:: Data records

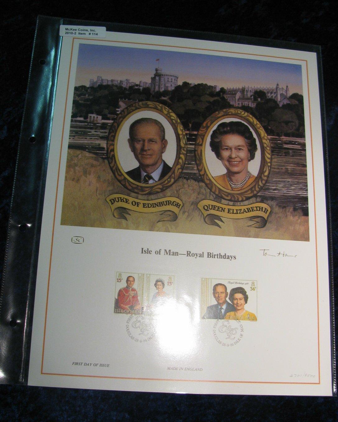 114. Isle of Man - Royal Birthdays First Day of Issue Cover with stamps and Illustration. Signed and numbered limited edition of 9,500.
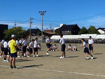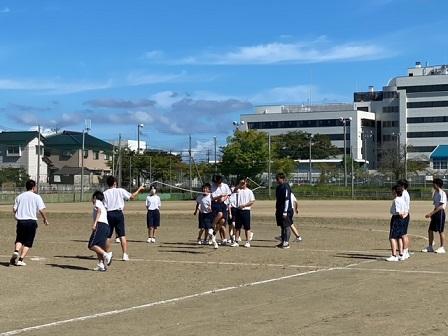 教育実習生の西田先生の研究授業が2年1組で行われました。バスケットボールの単元で、本日の授業はいろいろなパスを使えるようにするためには?という課題でした。先週は緊張した様子が見られましたが、今日の授業では、生徒の表情を見ながら大きな声が出ており、いいプレイには「○○○なところがよくなったよ」など褒め・認めの声も出ていました。残り、2日となりましたが、充実した実習になりますように。
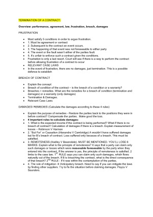 These notes give a concise step by step description of what needs to be included in each question given for the final exam. Each topic is broken down and explained in depth INCLUDING THE RELEVANT CASE LAWS THAT MUST BE INCLUDED IN ORDER TO BE AWARDED DECENT MARKS!!!! The perfect tool to refresh over the entire course and get you perfecting your answers so that you're fully prepared for any questions that might be asked. Contains: Termination Of A Contract Acl – Misleading & Deceptive Conduct/Unfair/Unconciosnable Conduct Acl – Consumer Guaruntees Torts – Negligent Acts Torts – Negligent Statements Agency/Partnership Corporations
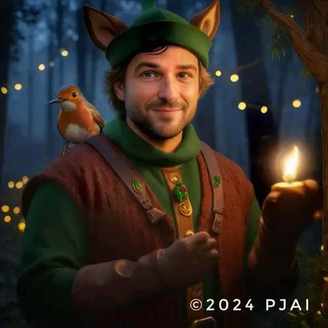 A person clad in a vibrant green costume with pointed elf ears gently holds a glowing candle, illuminating the enchanting forest around them. A tiny bird rests calmly on their shoulder as twinkling string lights hang overhead, casting a magical glow throughout the woodland. The scene feels like a moment plucked from a fairy tale, where the mysterious figure stands quietly amidst the softly lit trees, inviting the viewer into a world of fantasy and wonder.
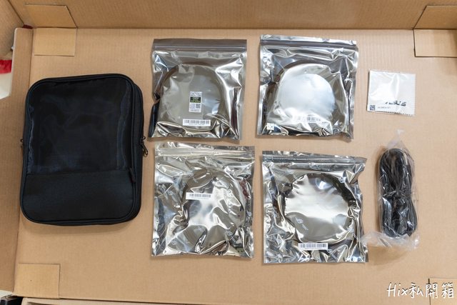 另外變壓器的插頭端以及拭鏡布也放在網袋內

::::

Exercise directions: Write out only the lines from the one that contains "A person clad" through the last line of the records above, both included, word for word and without the pictures.

Written solution:
 A person clad in a vibrant green costume with pointed elf ears gently holds a glowing candle, illuminating the enchanting forest around them. A tiny bird rests calmly on their shoulder as twinkling string lights hang overhead, casting a magical glow throughout the woodland. The scene feels like a moment plucked from a fairy tale, where the mysterious figure stands quietly amidst the softly lit trees, inviting the viewer into a world of fantasy and wonder.
 另外變壓器的插頭端以及拭鏡布也放在網袋內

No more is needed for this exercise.